## Work instruction:
Every line of the material below needs to be copied exactly; omit the pictures.

## Information provided:

==*==

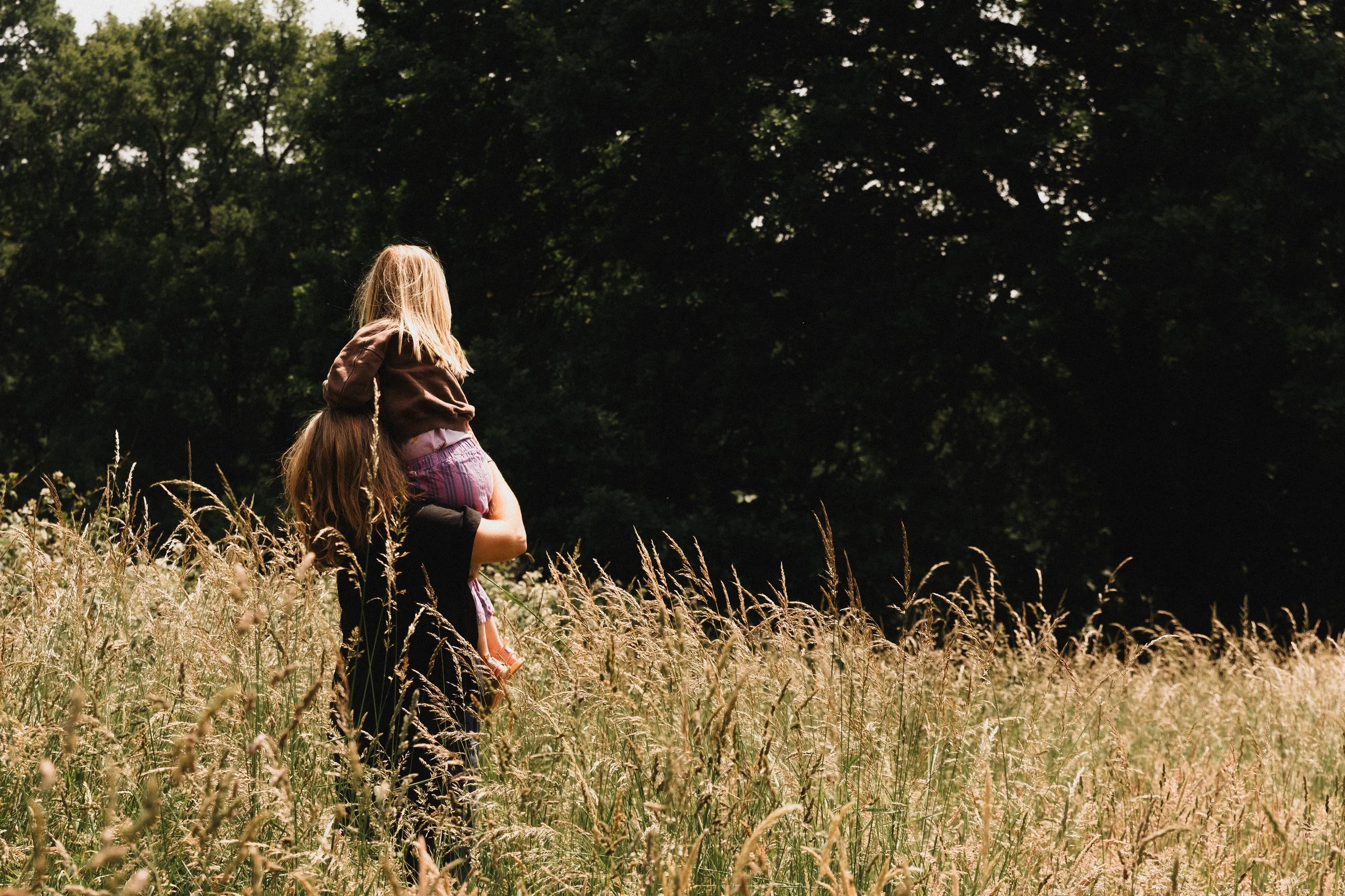 Moeder en kind spelen samen buiten in het veld met de zon in hun haren en blote voeten.
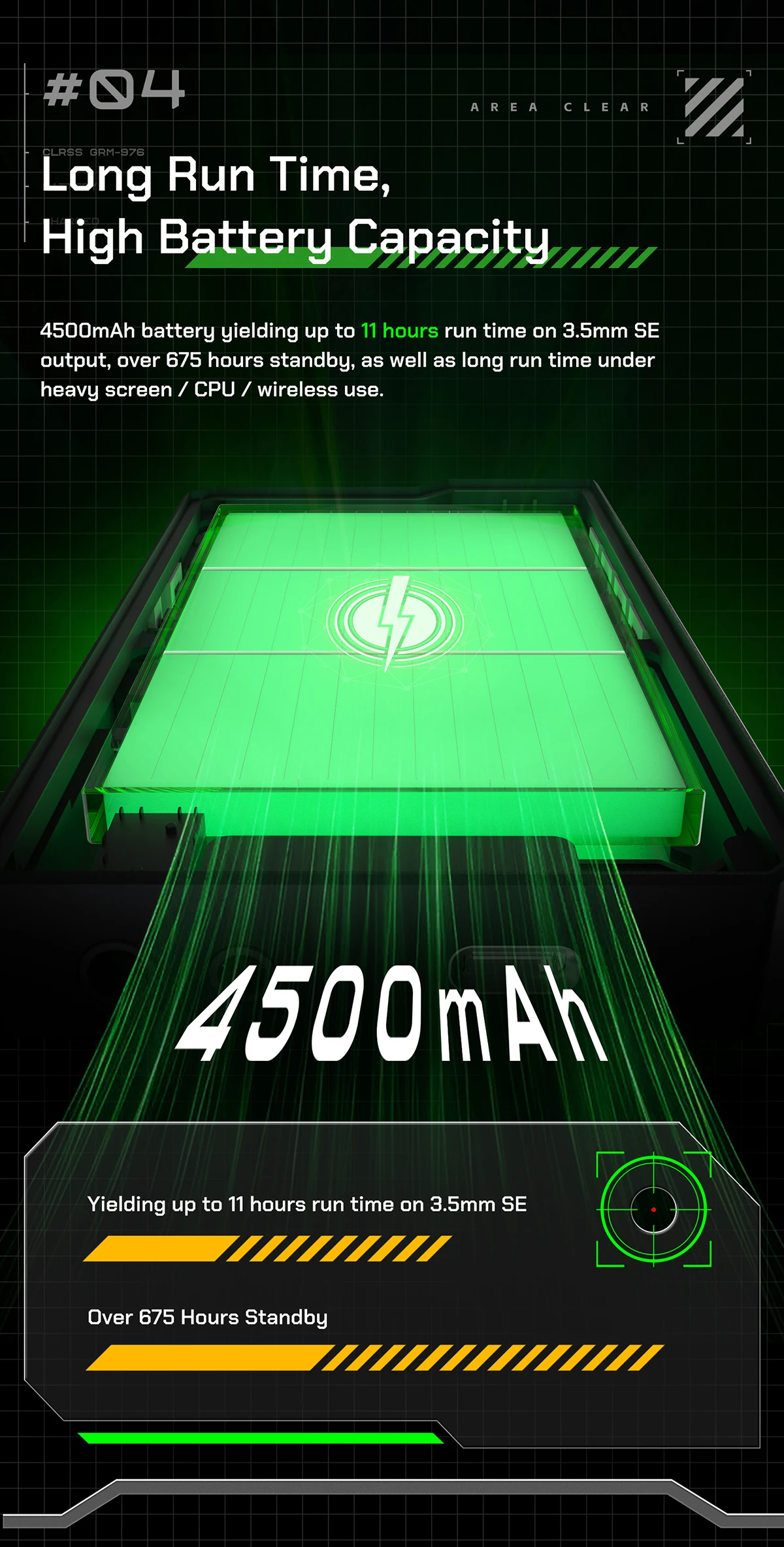 Batería de 4500 mAh que ofrece hasta 11 horas de funcionamiento con salida SE de 3,5 mm, más de 675 horas en espera, así como un tiempo de funcionamiento prolongado bajo pantalla pesada/CPU/uso inalámbrico.
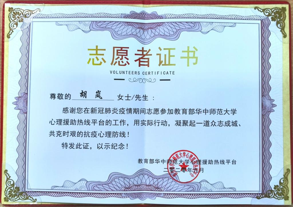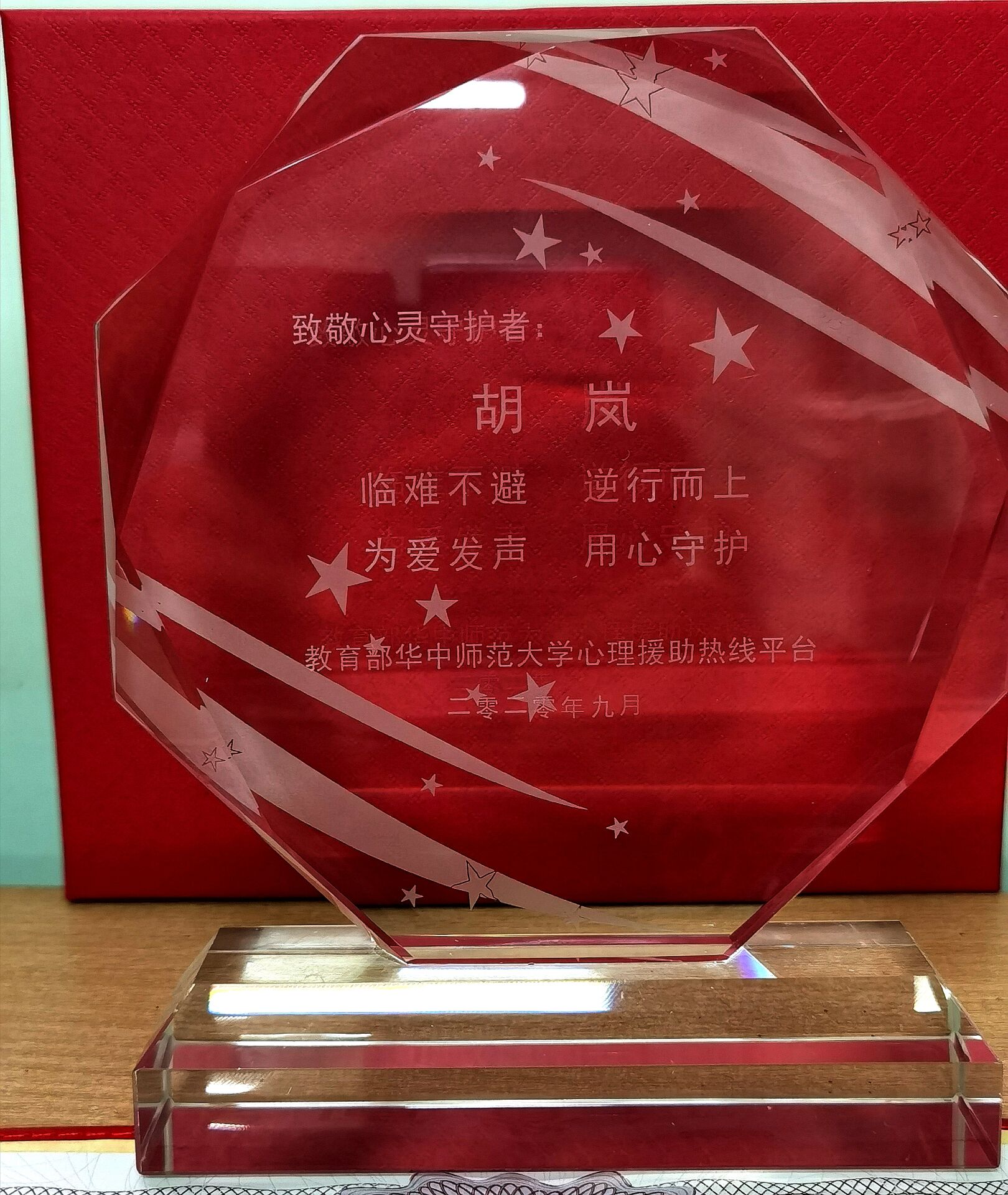 日前,教育部华中师范大学心理援助热线平台发来表彰证书和奖杯,对我校学生处学生心理健康教育与咨询中心专职咨询师胡岚在抗击新冠肺炎疫情期间的志愿服务事迹给予表彰。
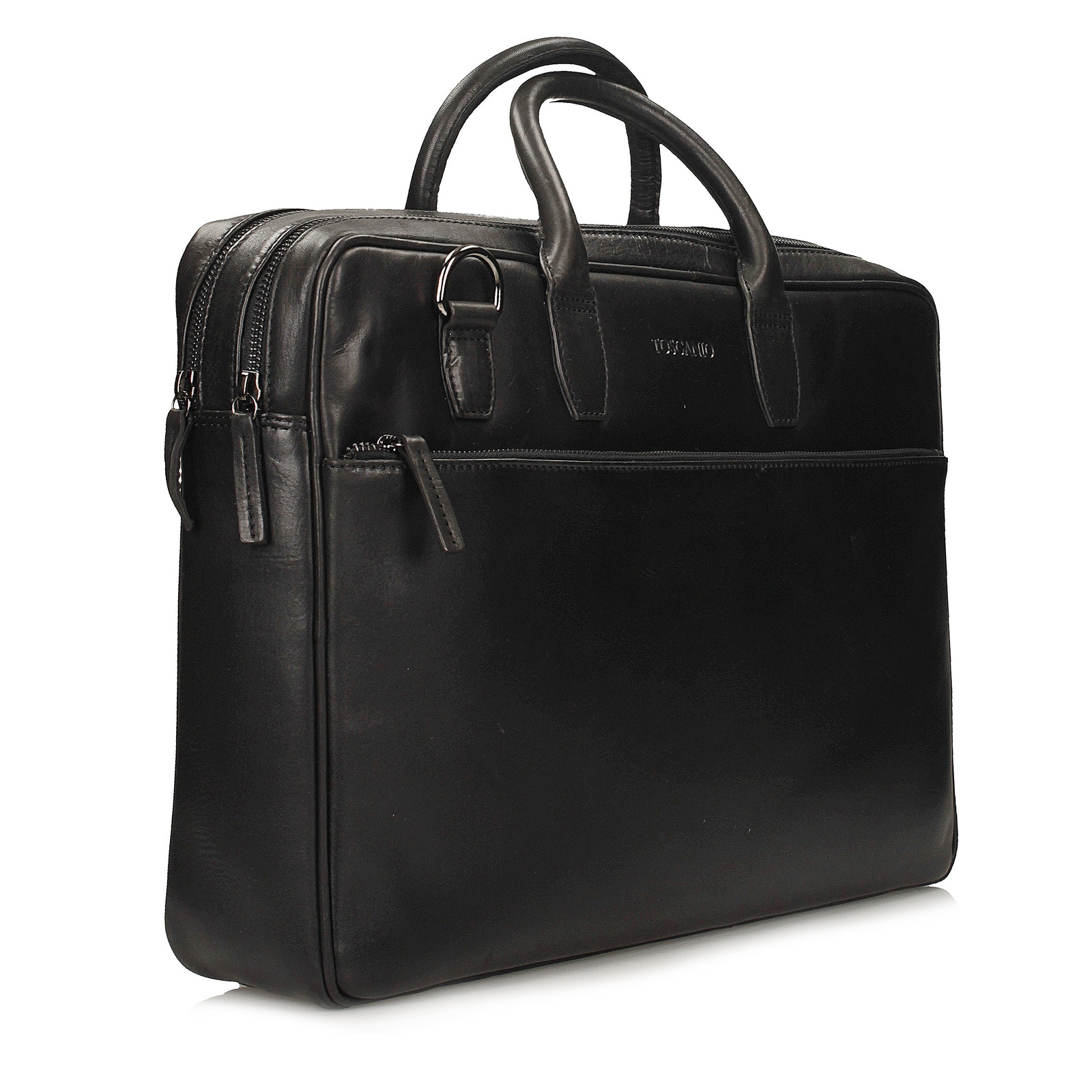 Czarna teczka Toscanio to elegancka i praktyczna propozycja, która doskonale sprawdzi się jako torba biznesowa oraz torba na laptopa. Wykonana z wysokiej jakości skóry naturalnej, łączy w sobie klasyczny styl i funkcjonalność.

==*==

## Written response:
 Moeder en kind spelen samen buiten in het veld met de zon in hun haren en blote voeten.
 Batería de 4500 mAh que ofrece hasta 11 horas de funcionamiento con salida SE de 3,5 mm, más de 675 horas en espera, así como un tiempo de funcionamiento prolongado bajo pantalla pesada/CPU/uso inalámbrico.
 日前,教育部华中师范大学心理援助热线平台发来表彰证书和奖杯,对我校学生处学生心理健康教育与咨询中心专职咨询师胡岚在抗击新冠肺炎疫情期间的志愿服务事迹给予表彰。
 Czarna teczka Toscanio to elegancka i praktyczna propozycja, która doskonale sprawdzi się jako torba biznesowa oraz torba na laptopa. Wykonana z wysokiej jakości skóry naturalnej, łączy w sobie klasyczny styl i funkcjonalność.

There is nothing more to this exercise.